A lot of smart glasses are flooding into 2026, and another company is joining the fray. Acer, the computer-maker, on Friday announced two models coming later in the year. Based on their descriptions, expect one to be like the Meta Ray-Ban glasses and the other more like what TCL, Xreal and Viture offer for plug-in display glasses.
Acer’s $500 AR Vision GR0 glasses promise “augmented reality,” but sound exactly like other display-enabled plug-in glasses on the market: more like headphones for your eyes. They have 1080p micro-OLED displays and built-in speakers, weigh 69 grams (2.4 ounces; about average for the landscape), but there’s no mention of other display customizations like Xreal and Viture offer. In comparison, there are other display glasses that cost just $300, made by TCL and, soon, Xreal.
Acer’s AI glasses don’t exactly look sleek based on early photos.
Meanwhile, Acer’s $300 G10 AI Glasses have a camera, microphones and speakers like most other smart glasses on the market, and no displays. Acer promises an AI assistant “powered by Google Gemini,” which sounds like a custom AI that draws on a Gemini model like Rokid’s glasses have, as opposed to full Gemini access like Google’s upcoming glasses. Acer’s AspireSync companion app, which is what the glasses pair with, will work on Android and iOS. But the glasses look, in early photos, a lot clunkier than other competitors.

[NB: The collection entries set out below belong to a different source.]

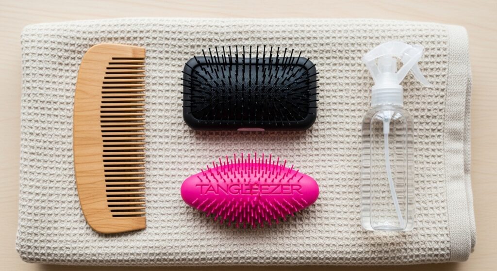 Detangling Brush (Flexible Paddle or Tangle Teezer-style): These have flexible, varying-length bristles that bend to navigate knots. They are often more efficient than wide-tooth combs for thicker, denser hair but should still be used on conditioned, wet hair with the bottom-up technique.
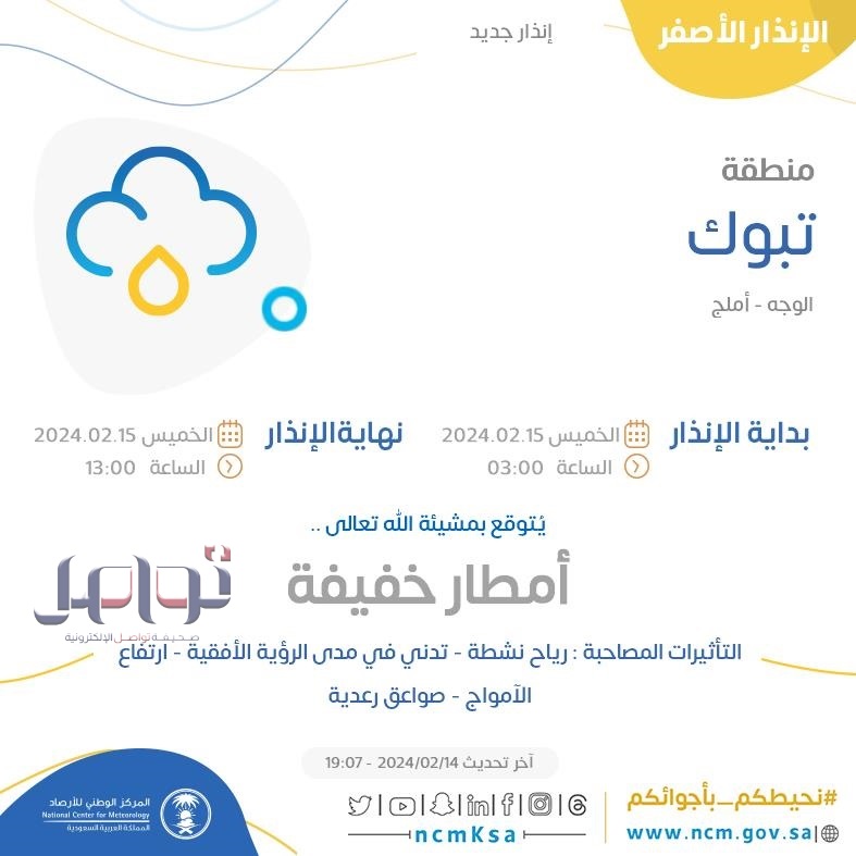 تستمر الحالة الجوية في منطقة تبوك حتى الساعة 1 ظهرًا من يوم غد الخميس بمشيئة الله.
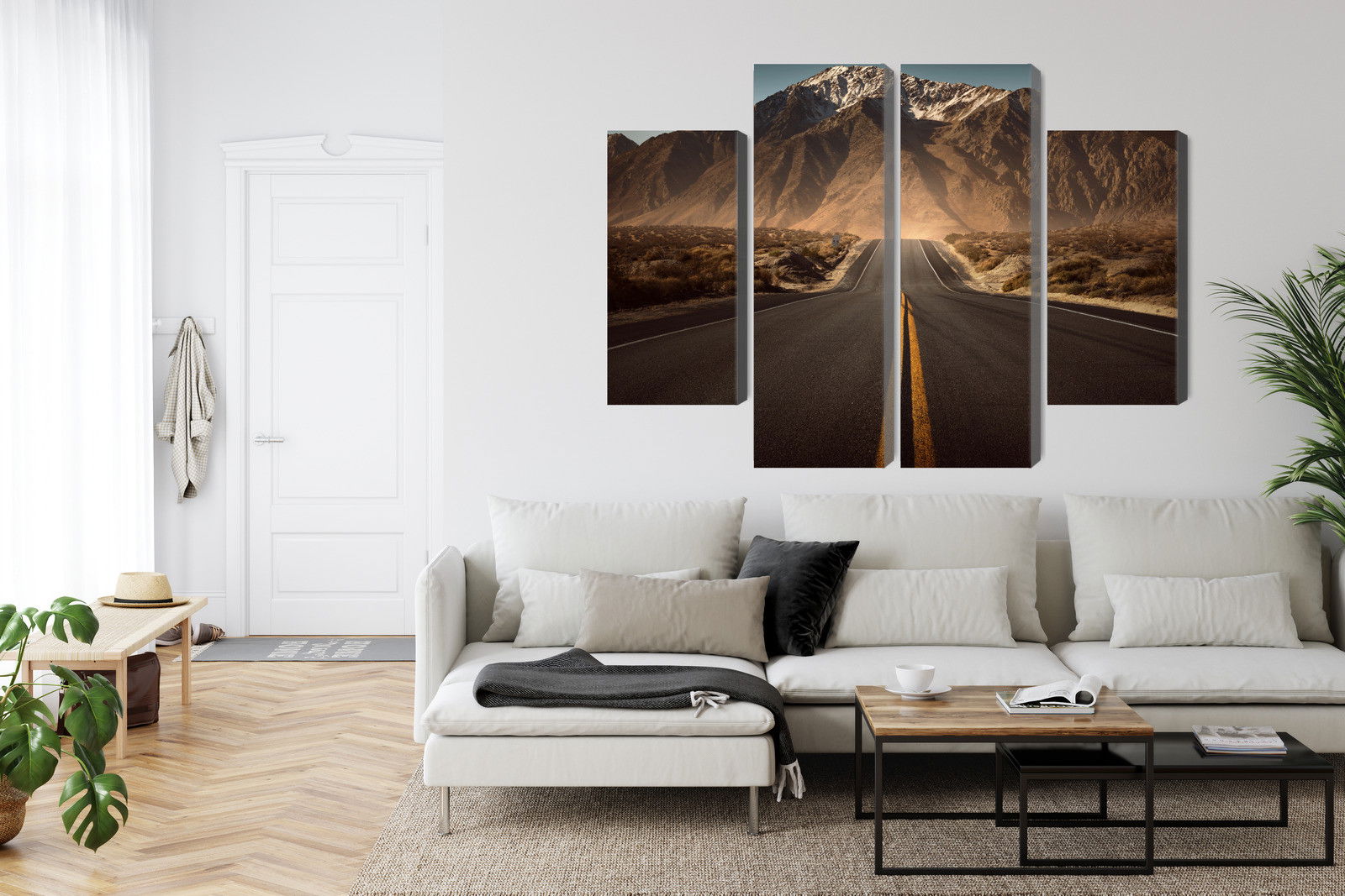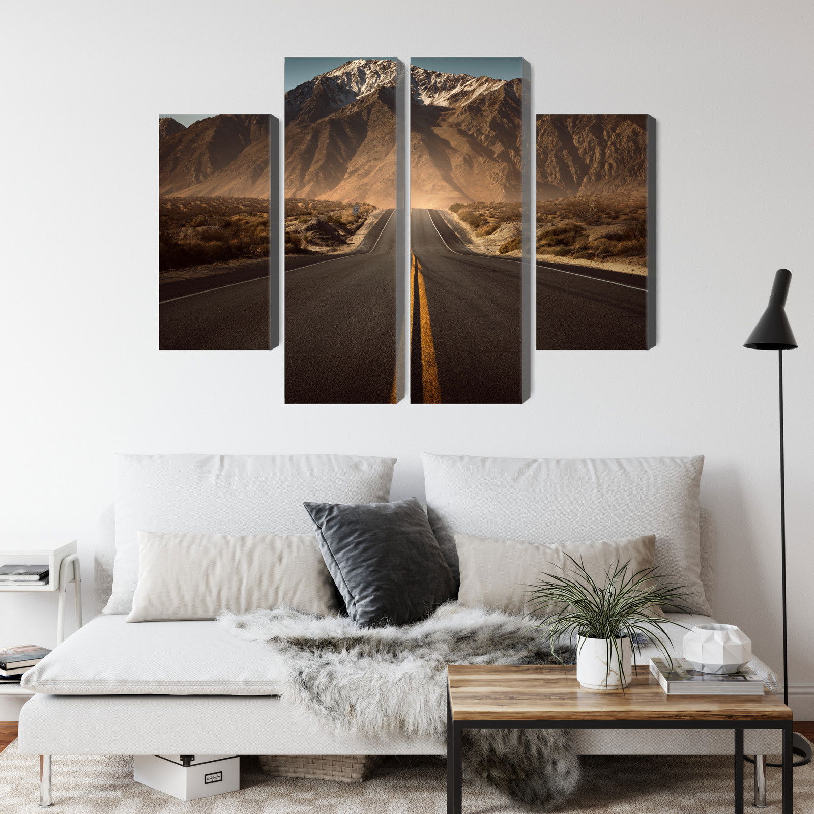 Varje tavla monteras på en massiv fururam. Format upp till 70×50 cm har en ram på 15 mm, medan format från 90×60 cm och uppåt har en ram på 20 mm. Den exakta dukspänningen gör att tavlan håller sin form över tid. Motivet Road to the mountains 3d trycks runt hela ramen vilket ger ett stilrent galleriuttryck där tavlan är lika vacker från sidan som framifrån. Kombinationen av rak dukspänning, rena linjer och korrekt tryck ger en professionell finish.
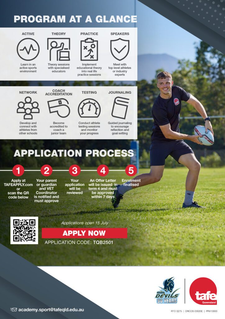 Successful applicants will attend the program one day per week at Norths Devils Leagues Club, integrating this specialized training into their regular senior high school experience. Students can earn up to 8 QCE credits and contribute to their ATAR, participating in a unique sports education program that blends coaching and development.
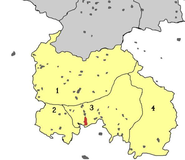 Keywords: South Ossetia rayons and capital.png en Rayons yellow numbered and the capital city red of the unrecognized Republic of South Ossetia The borders according to the Soviet ones Rayons 1 Dzau rayon 2 Znaur rayon 3 Tskhinval rayon 4 Leningor rayon The light grey territory to the north is North Ossetia Alania Republic of the Russian Federation; dark grey are some of the towns and villages ru Районы жёлтые п онуме ованные и столица к асная неп изнанного госуда ства ru Южная Осетия 1 Дзауский айон 2 Знау ский айон 3 Цхинвальский айон 4 Ленинго ский айон Се ым залита те ито ия Севе ной Осетии в составе РФ Тёмно-се ые пятна некото ые населённые пункты Locator maps of South Ossetia 2006-04-04 own assumed Slavik IVANOV
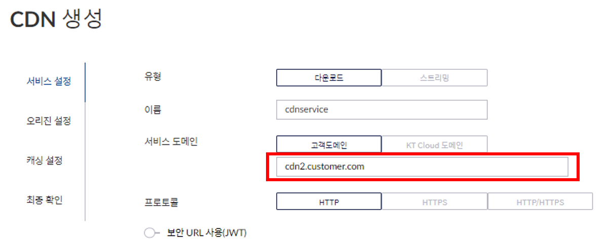 2) 고객도메인 : CDN 2.0 설정의 고객도메인을 동일하게 입력합니다.
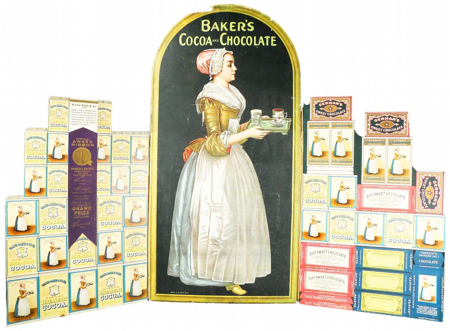 Baker's Cocoa Chocolate Die Cut Cardboard Tri-Fold Window Display. Some cardboard loss at 12:00 and a few insignificant scuffs otherwise good condition. 57 1/2 X 38 3/4 inches.
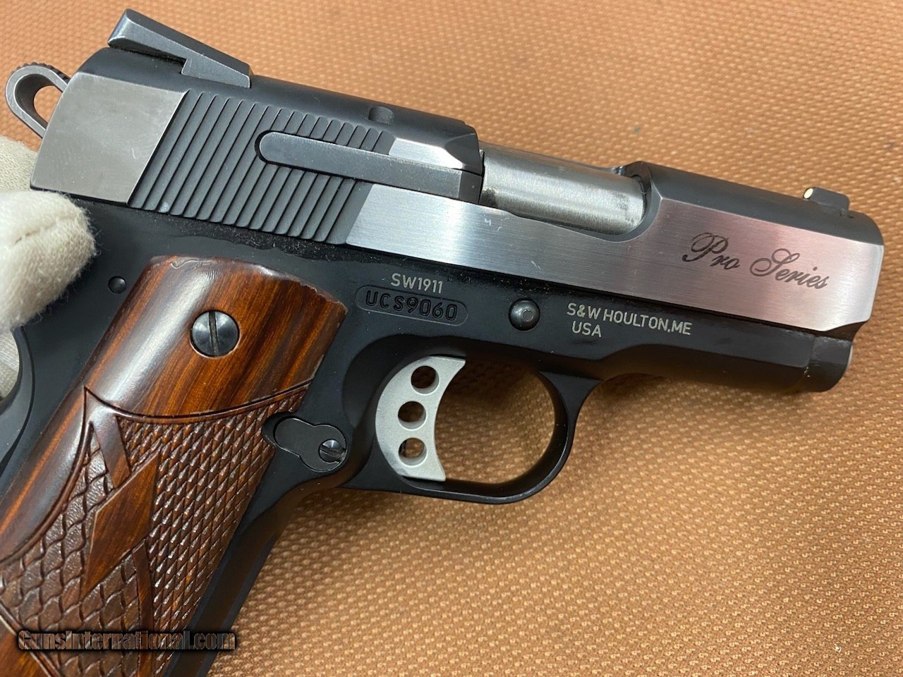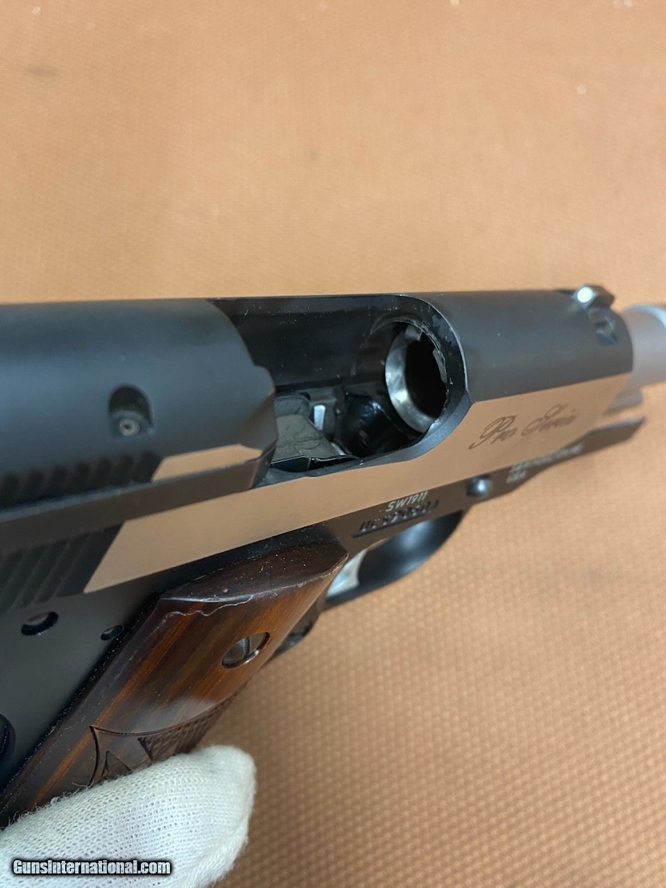 Description: Beautiful S&W SW1911 Pro Series Two Tone 45 auto, 3" barrel and 2 magazines! The guns in in great shape, and it's a smooth shooter. We have test shot this pistol and it shoots fantastically! Not snappy or snatch at all! Very well balanced gun! The grips are in excellent condition and they sure stand out! It comes with two factory magazine, one with larger capacity! The bore and chamber are superb! No box! Priced to sell! Don't miss out on it! Cashier checks & money orders same as cash. Personal checks will be held until funds clear (3-5 business days). Shipping insured will be $55 to Continental US only (AK & HI extra). No sales to California! SOLD Handgun Caliber: .45 ACP (.45 Auto) |
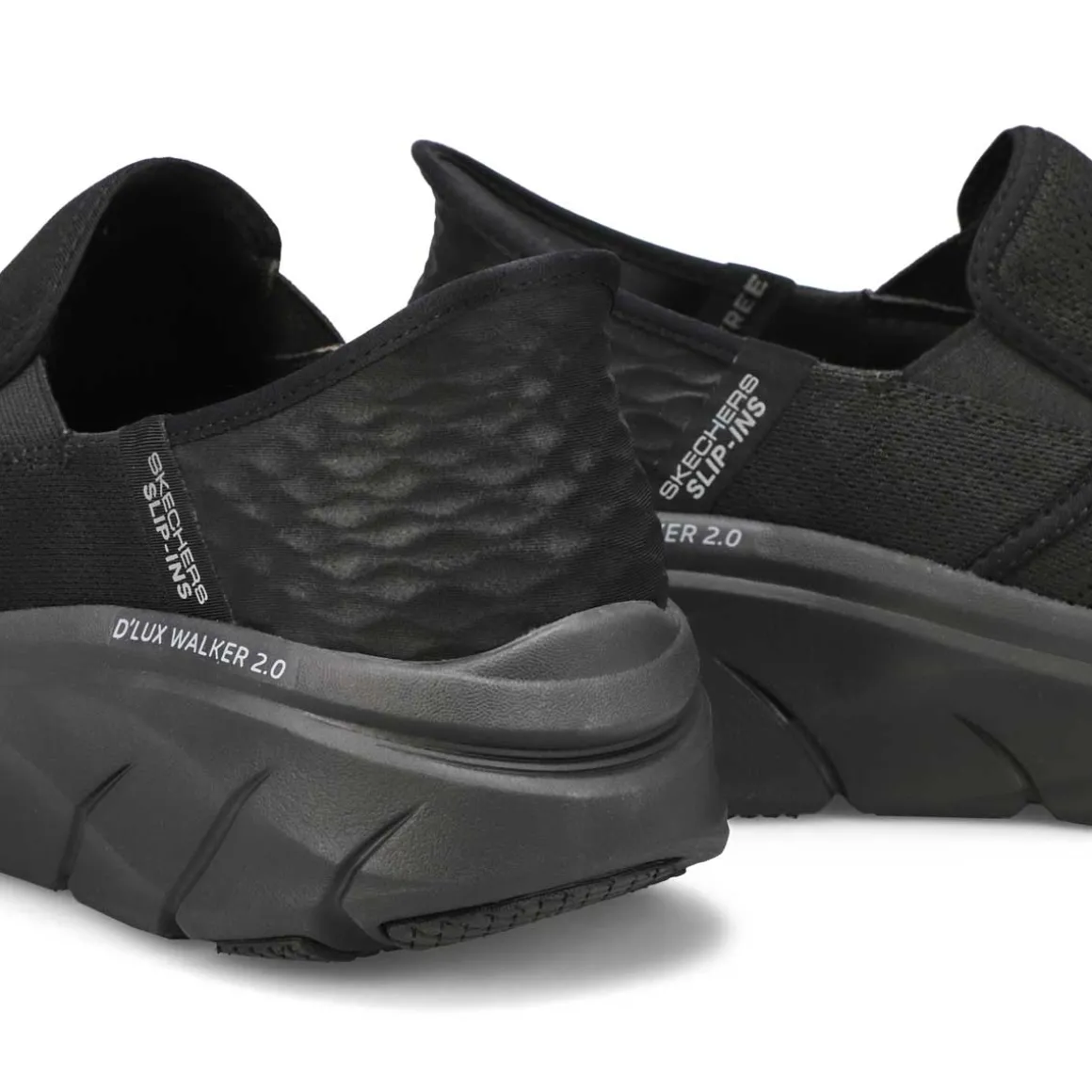 Enjoy longer walks with supportive comfort wearing the D’Lux Walker 2.0 Reeler Slip-Ins Wide black /black sneaker from Skechers. Designed with Skechers exclusive Heel Pillow which helps hold your foot securely in place. This vegan walking design features an engineered knit and synthetic upper, well-cushioned midsole, and a Skechers Air-Cooled Memory Foam comfort insole. Wide Width.
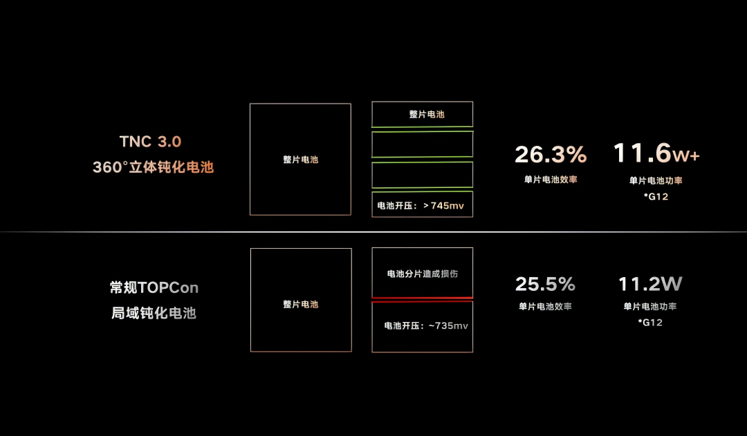 这些技术并非各自独立发挥作用,而是围绕同一效率目标进行匹配与配合,使电池在分片、封装并进入组件应用后,仍能保持稳定、高效的性能释放,为TNC3.0在系统层面的效能提升奠定基础。
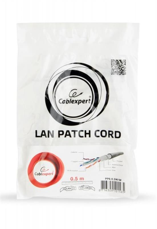 Патч-корд Cablexpert (PP6-0.5M/W) FTP, литий, 50u "штекер із засувкою, 0.5 м, білий
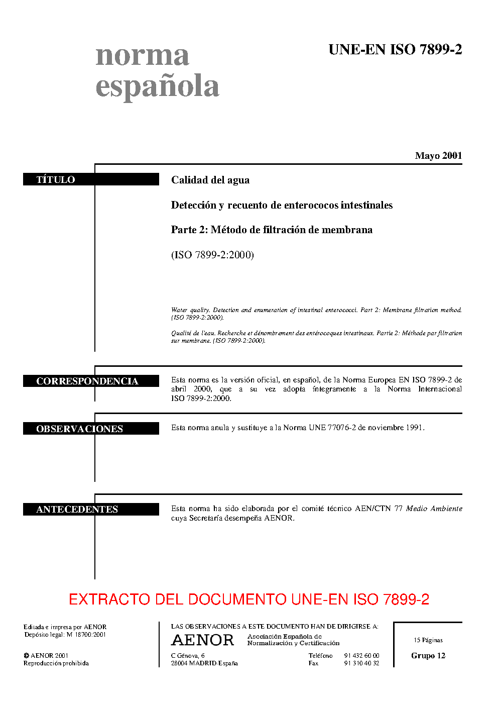 UNE-EN ISO 7899-2:2001 ERRATUM:2010
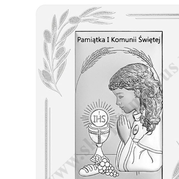 Srebrny obrazek przedstawiający dziewczynkę przyjmującą I Komunię Świętą. Rozmiar obrazka 9.5 x 13 cm. PONIŻEJ W PRODUKTACH POWIĄZANYCH ISTNIEJE MOŻLIWOŚĆ ZAMÓWIENIA OKAZJONALNEJ DEDYKACJI NA TABLICZCE LUB REWERSIE OBRAZKA.
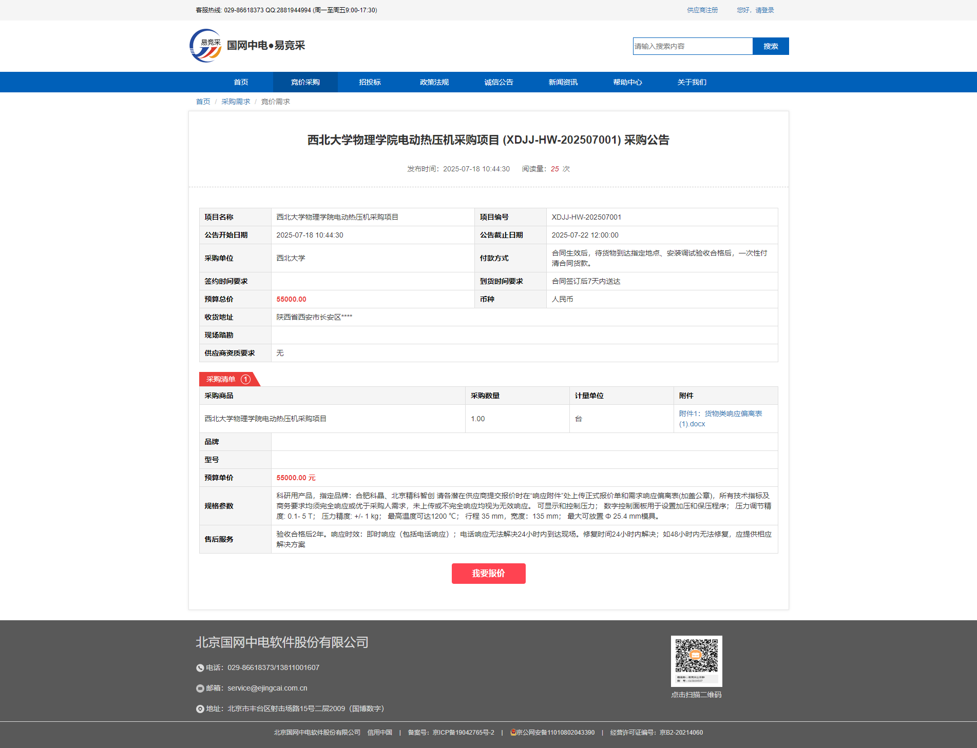 MILAN.COM物理学院电动热压机采购项目(XDJJ-HW-202507001)竞价采购公告

Watch this: The Future of Smart Glasses Is Coming This Fall
Acer’s entry into smart glasses is a reminder that the market’s getting flooded fast, but the real missing piece is still better software to allow phones to work better with them, and better connections with AI tools actually being used everywhere else. Google’s wave of glasses this fall should begin to address this, and Apple’s glasses rumored for next year could too.